### To do
Leaving out the images, return the data below exactly as it is written.

### Provided material
####################
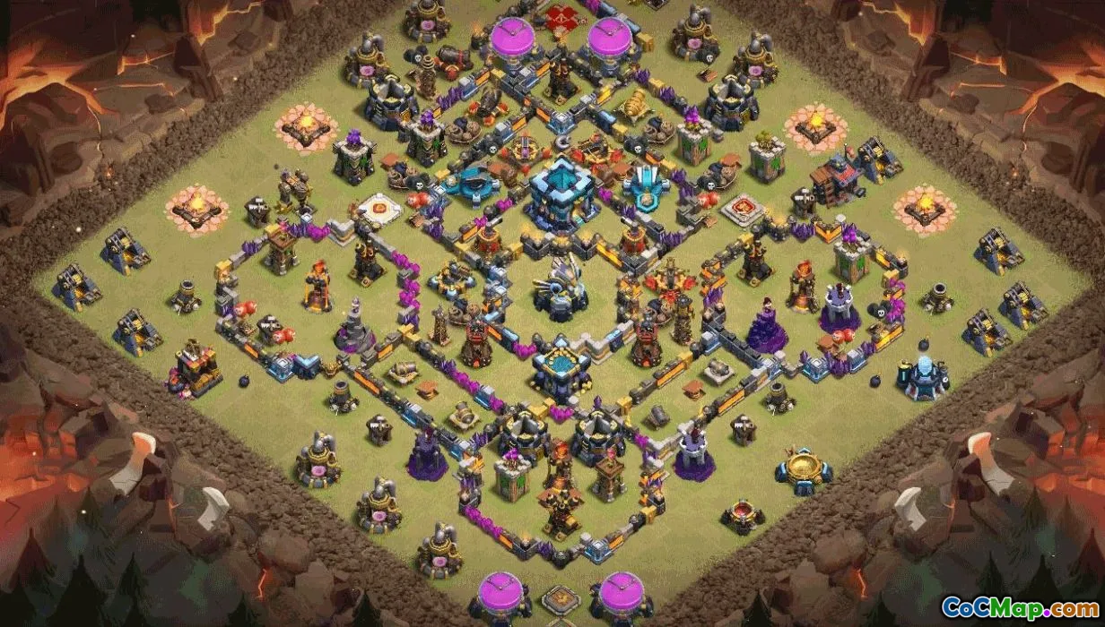 This content provides a comprehensive base layout for Clash of Clans players, specifically tailored for Town Hall 13. It offers various types of base designs such as home village, trophy base, war base, and overall coc map layouts. These layouts are vital for players aiming to enhance their defenses, secure trophies, and succeed in clan wars by strategically positioning buildings and defenses.
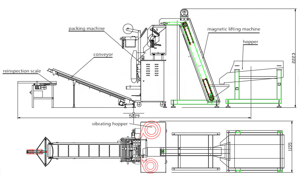 De plastic zakverpakkingsmachine kan ook een composiet verpakkingslijn vormen met kartonverpakking:
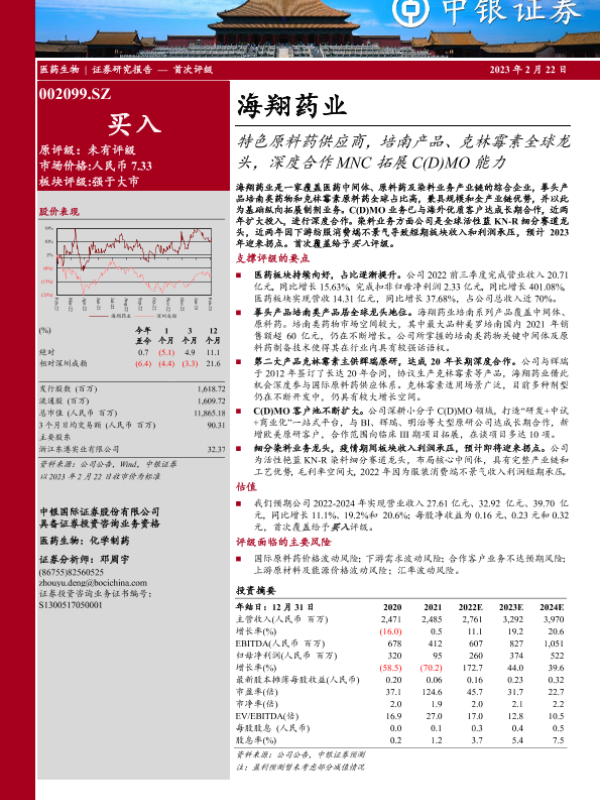【中银证券】【20230222】海翔药业-002099.SZ-特色原料药供应商,培南产品、克林霉素全球龙头,深度合作MNC拓展C(D)MO能力-28页 行业研究
####################
### Exercise answer
 This content provides a comprehensive base layout for Clash of Clans players, specifically tailored for Town Hall 13. It offers various types of base designs such as home village, trophy base, war base, and overall coc map layouts. These layouts are vital for players aiming to enhance their defenses, secure trophies, and succeed in clan wars by strategically positioning buildings and defenses.
 De plastic zakverpakkingsmachine kan ook een composiet verpakkingslijn vormen met kartonverpakking:
【中银证券】【20230222】海翔药业-002099.SZ-特色原料药供应商,培南产品、克林霉素全球龙头,深度合作MNC拓展C(D)MO能力-28页 行业研究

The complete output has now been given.